Yes, privacy is a core value we abide by. The philosophy is “privacy by design.” We achieve this by simply shipping code to the user (and not the other way around where third parties take the data to their servers). We never see or have access to customer data unless our clients explicitly ask us to. AI companies, especially, have been trying to make users their product by training models on customer/user-collected data. We only pre-train our models on public datasets that are licensed permissively and build tools that can customize/fine-tune to a specific use case with a very limited size of datasets. This is also an area of active research within the company.

Your company offers solutions that enable users to implement AI without programming skills. How does this work in practice, and which industries benefit most from these solutions?

This is part of an old-product line which did a lot of work on few-shot learning, coupled with a no-code AI training tool where users can train their own models. However, the generative AI stack has changed this a bit. We currently give information on how to finetune models and as a business case fine tune models for our clients. 

You recently posted about your work on 1-bit machine learning models. Could you explain the benefits of this technology and how it improves the efficiency and accessibility of AI applications?

One of the major challenges of current AI solutions, if not the major challenge, is computation. In fact, the energy demands are so massive that it might be quite hard to generate power. So, we need to figure out ways to make the models efficient. The work on quantization is a step towards that. 

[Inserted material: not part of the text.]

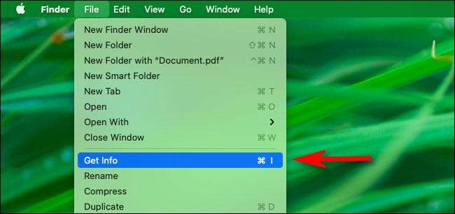 [dieciséis] Cómo ocultar o mostrar extensiones en archivos específicosA continuación, le indicamos cómo mostrar u ocultar una extensión de archivo individual si "Mostrar todas las extensiones de archivo" está deshabilitado en el buscador. Primero, localice el archivo cuya extensión le gustaría mostrar u ocultar en una ventana de Buscador. Seleccione el archivo, luego elija "Archivo" y GT; "Obtener información" en la barra de menú. (O puede presionar Comando + i en su teclado).

To explain, most of these transformer models involve a lot of matrix multiplications with floating point numbers. But we can strip out decimal points so that less computation is required (i.e., 3*100 is way easier to compute than 3.1415926535 * 100.4123414). The extreme version is if numbers are all binaries, which is 1-bit (0s and 1s). Typically, all LLMs need 16 bits to store a number, and 1-bit is 16 times smaller. But interestingly, multiplications with binary are only additions (which is 70 times faster). 

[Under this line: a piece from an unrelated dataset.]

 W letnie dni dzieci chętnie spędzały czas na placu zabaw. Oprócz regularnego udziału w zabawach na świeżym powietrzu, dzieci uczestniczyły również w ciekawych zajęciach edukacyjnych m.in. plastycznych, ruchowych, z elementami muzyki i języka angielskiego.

We still have more research to do to achieve the same accuracy with 1-bit models as opposed to 16-bit models, but it is a significant step in the right direction. For example, our 2-bit to 4-bit models are coming very close to full precision ones.

What role does Berlin and its strong AI ecosystem play for you? How is the exchange between start-ups, companies and research here?

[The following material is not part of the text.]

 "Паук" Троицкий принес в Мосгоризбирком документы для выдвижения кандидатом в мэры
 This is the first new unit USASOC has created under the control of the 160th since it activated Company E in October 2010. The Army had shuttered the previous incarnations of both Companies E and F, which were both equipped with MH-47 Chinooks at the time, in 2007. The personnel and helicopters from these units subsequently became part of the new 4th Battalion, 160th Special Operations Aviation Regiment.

Berlin is an interesting place due to its unique mixture of ideas and thoughts. The interactions I find most fascinating are not with tech builders but with the creative crowd (artists, photographers, DJs). Since AI and human behavior are intricately linked, these interactions are paramount and make our thinking very multi-dimensional. It is also quite a young city, with people coming from all over the world. Additionally, our office is at the Merantix AI Campus, which hosts many interesting AI companies and a vibrant community.

How do you see the future of computer vision in the next five years? What new areas of application or technological advances do you expect?

Embodied AI will become quite interesting (like the Isaac Asimov robots I talked about). AI will sense the world, encounter strange situations, and find solutions to them. We will have strong models that are constantly learning, with capabilities capable of running on a multitude of hardware.

Thank you for the conversation.

The interview was conducted by our colleagues of #ai_berlin on June 24, 2024.